Morphemes may have different phonemic shapes. In please, pleasing, pleasure, pleasant the root-morpheme is represented by phonemic shapes [pli:z], [pleʒ], [plez]. The phonemic shapes of the W stand in complementary distribution / alternation with each other. All the representations of the given morpheme that manifest alteration are called allomorphs of the morpheme (morpheme variants).

4.2. Free & bound forms

Structurally morphemes fall into 3 types: free, bound, semi-free (semi-bound).

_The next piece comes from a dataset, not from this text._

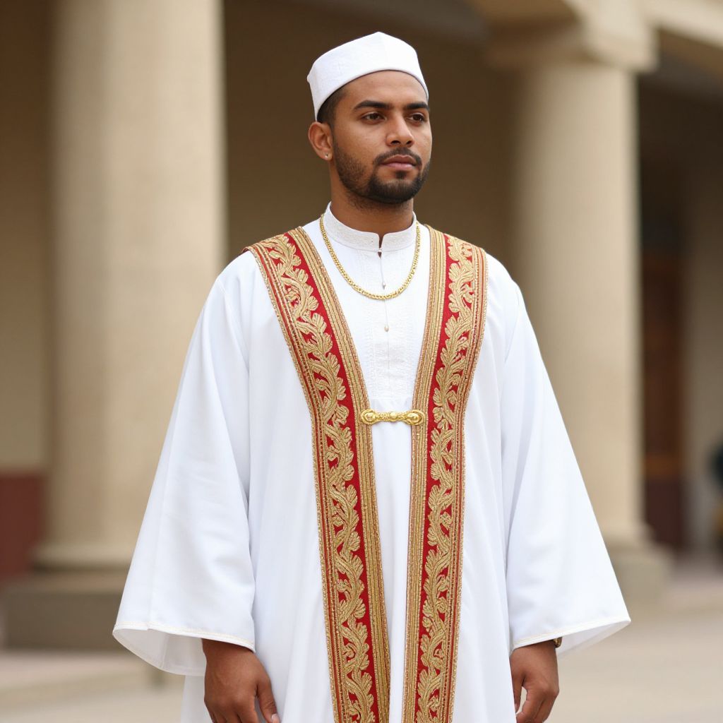 Man wearing a white robe with a red and gold embroidery on the front. The man has a white hat on his head and a gold necklace around his neck. He is standing in front of a building with columns.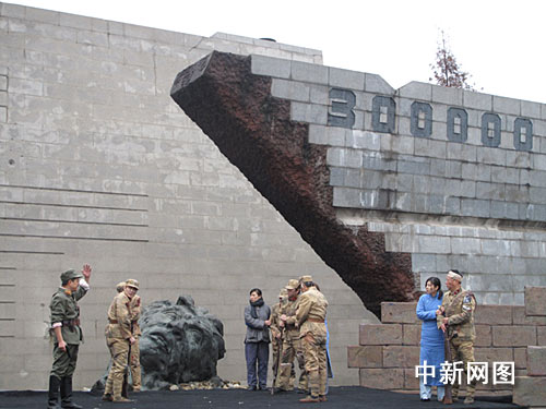 為紀念“南京大屠殺”事件爆發(fā)七十二周年,悼念南京三十萬同胞遇難七十二周年,為了讓廣大人民群眾尤其是青少年勿忘國恥,珍惜和平,為反映發(fā)生在南京的重大歷史事件,今天中午,南京市話劇團在江東門“南京大屠殺遇難同胞紀念館”現(xiàn)場演出舞臺劇《淪陷》。

A free morpheme may stand alone without changing its meaning, coincides with the stem / W-form. Many root-morphemes are free. W is a minimum free form (Leonard Bloomfield).

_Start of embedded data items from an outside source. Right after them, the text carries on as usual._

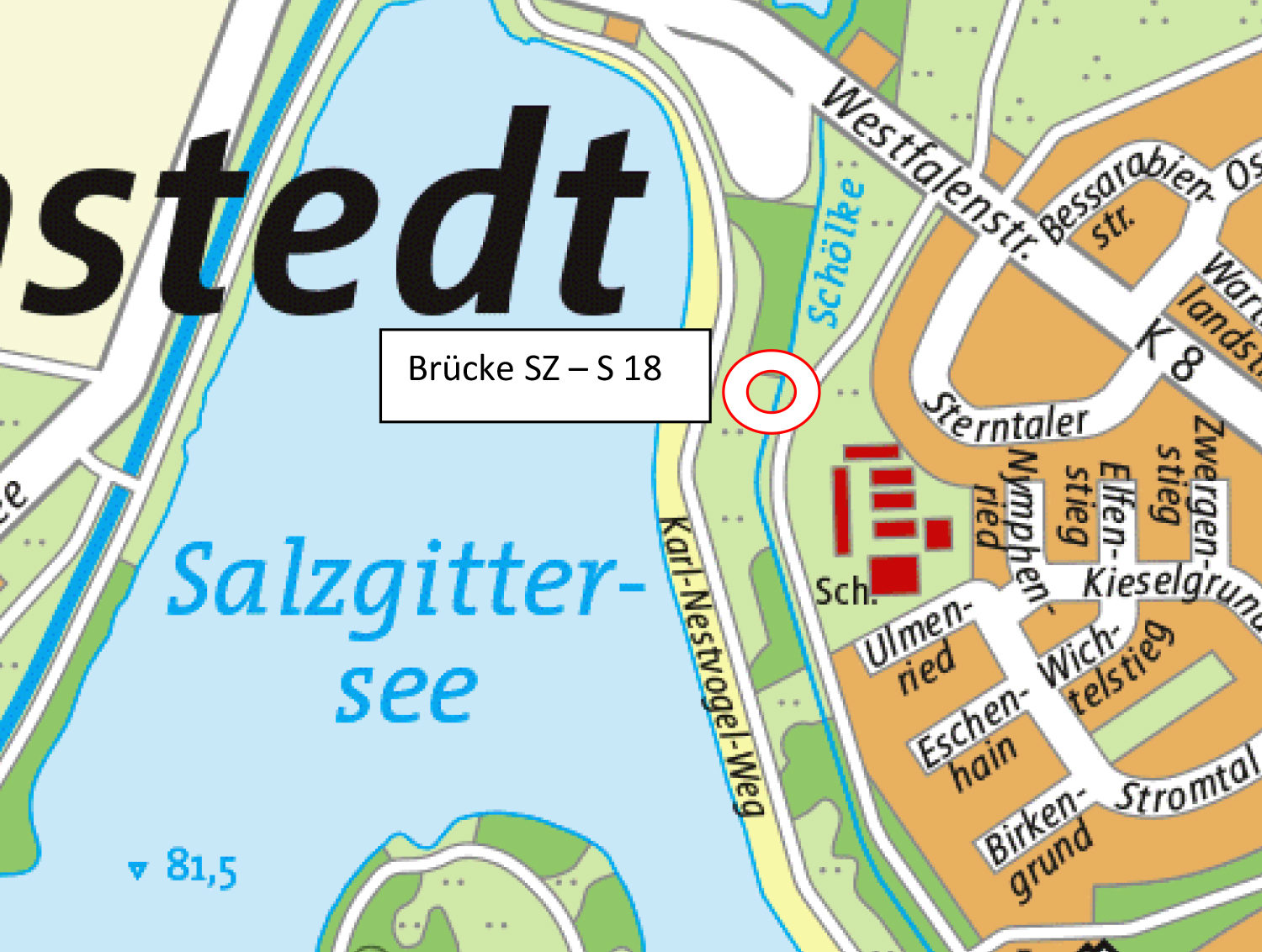 Die alte Holz-Fußgängerbrücke (die erste aus Richtung Westfalenstraße) wurde im Jahr 2004 erbaut. Im vergangenen Jahr wurde bei den regelmäßig stattfindenden Brückenprüfungen gem. DIN 1076 festgestellt, dass die tragenden Längsbalken der alten Holzbrücken teilweise marode / verfault sind.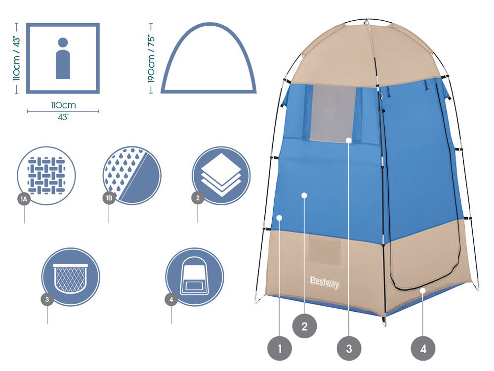 Bestway turistička svlačionica je praktičan šator koji će služiti kao privatna svlačionica na plaži, bazen, jezero ili kamp. Moći ćete se presvući iz mokrog kupaćeg ili samo presvući bez srama. Visoki šator omogućit će vam slobodno kretanje prilikom presvlačenja. Dobro će poslužiti i npr. kao skladište za igračke na napuhavanje u kampu, ili šator može poslužiti na tržnici gdje se nema gdje isprobati hlače :). Svlačionica je opremljena podom koji se može rastaviti radi čišćenja. Lako se rasklapa i sklapa.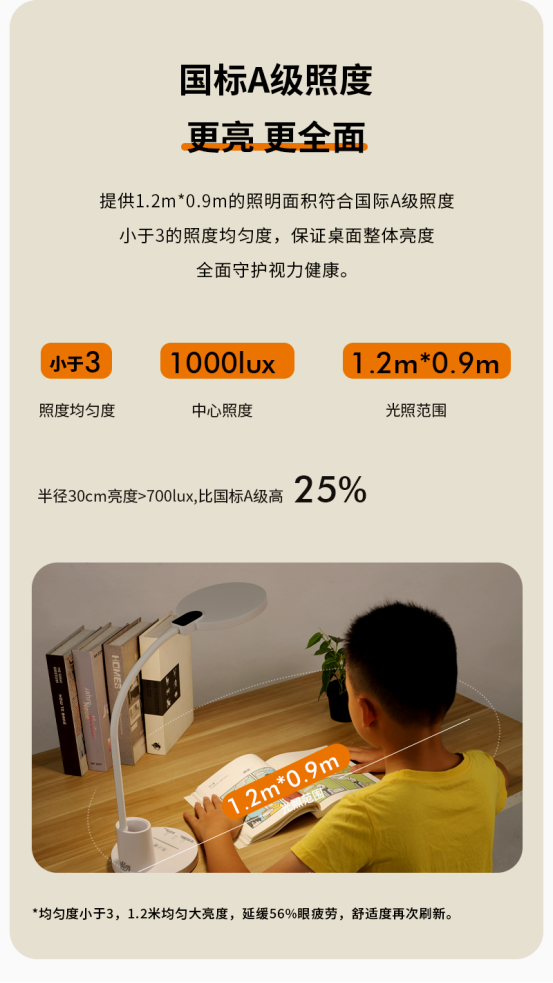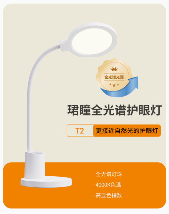 优童·珺瞳T2护眼台灯 拥有国AA级照度!外加14cm大直径! 照明更广阔,光线更柔和 像个小太阳一样,把桌面照得清清楚楚无死角! 大面积的自然光让眼睛更舒适! 就算是长时间的阅读、写字,也不会觉得眼疲劳!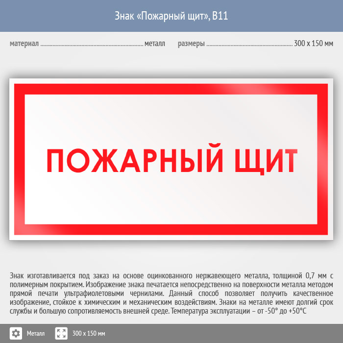 Знак «Пожарный щит», B11 (металл, 300х150 мм) в Ожерелье купить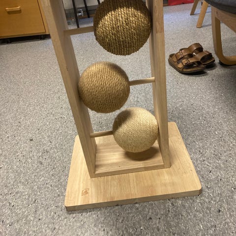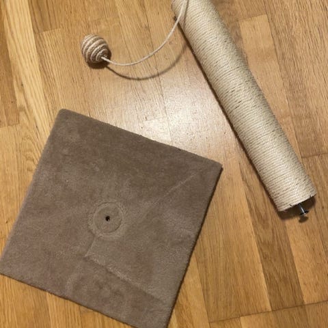 Klatrestativ for katt med stolpe kledd i sisal for kloring. Øverst er det en rund plattform trukket i mykt stoff med ball i snor som leke for katten.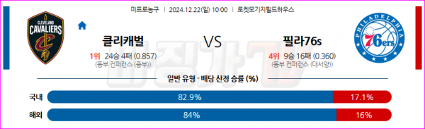 12월 22일 NBA 클리블랜드 캐벌리어스 필라델피아 76ERS 미국프로농구분석 스포츠분석

A bound morpheme occurs only as a constituent part of a W. In sportive & elegant eleg-, -ive, -ant are bound forms, they never occur alone. Many root-morphemes are also bound morphemes: theor- in theory, theoretical, barbar- in babarism, barbarian, -ceive in conceive, perceive.

Morphemes capable of forming Ws without adding other morphemes are semi-bound (semi-free): sleep well, half an hour; well-known, half-eaten, half-done.

Semantically, morphemes are: roots & affixes. Affixes are subdivided into prefixes, suffixes, infixes according to their position; according to their function & meaning, into derivational & functional (endings / outer) formatives affixes.

When a derivational / functional affix is stripped from the W, what remains is a stem (stem base). It expresses the lexical & the part of speech meaning. The stem heart- contains nothing but the root, it is a simple stem. It is a free stem: it is homonymous to the W heart.

A stem is the part of the W that remains unchanged throughout its paradigm. The stem of the paradigm hearty heartier – (the) heartiest is hearty-. A stem containing 1 / more affixes is a derived stem. If the stem is not homonymous to a separate W of the same root, it is a bound stem. In cordial the Adj-forming suffix can be separated on the analogy with bronchial, radial, social. The remaining stem is bound. In cordially & cordiality the derived stems are free. Bound stems are characteristic of loan Ws: the French borrowings arrogance, charity, courage, coward, distort, involve, notion, legible, tolerable.

Roots are main morphemic vehicles of a given idea in a given language at a given stage of its development. A root is the ultimate constituent element which remains after the removal of all functional & derivational affixes. It is the common element of Ws within a W-family: -heart- from heart, hearten, dishearten, heartily, heartless, hearty, heartiness, sweetheart, heart-broken, kind-hearted, whole-heartedly. The root W heart is non-segmentable, non-motivated morphologically.

All the other Ws in this W-family are segmentable, consist of at least 2 distinct morphemes. They are subdivided into: 1) affixational derivatives – a root morpheme & 1 / more affixes: hearten, dishearten, heartily, heartless, hearty, heartiness; 2) compounds – 2 / more simple / derived stems: sweetheart, heart-shaped, heart-broken; 3) derivational compounds – Ws of a phrase are joined together by composition a& affixation / phrasal derivation: kind heart + -ed.

The root in English is often homonymous with the W – 1 of the most specific features of English ← its general grammatical system & its phonemic system. The most favoured English phonemic shape is 1 stressed syllable → no space for a 2nd morpheme with classifying LG meaning → this meaning is signalled by distribution: a morning’s ride, a morning’s walk ride, walk are Ns because they are preceded by a genitive.

A suffix is a derivational morpheme following the stem & forming a new derivative in a different part of speech / a different W class: hearten, hearty, heartless. Suffixes render the most general semantic component of the W’s lexical meaning, they are semantically fused with the stem.

A prefix is a derivational morpheme standing before the root & modifying meaning: hearten dishearten. With Vs & statives a prefix may distinguish 1 part of speech from another: earth n – unearth v, sleep n – asleep (stative). With a few exceptions prefixes modify the stem for time (pre-, post-), place (in-, ad-), negation (un-, dis-) & are semantically rather independent of the stem.

An infix is an affix placed within the W, like -n- in stand. The type is not productive.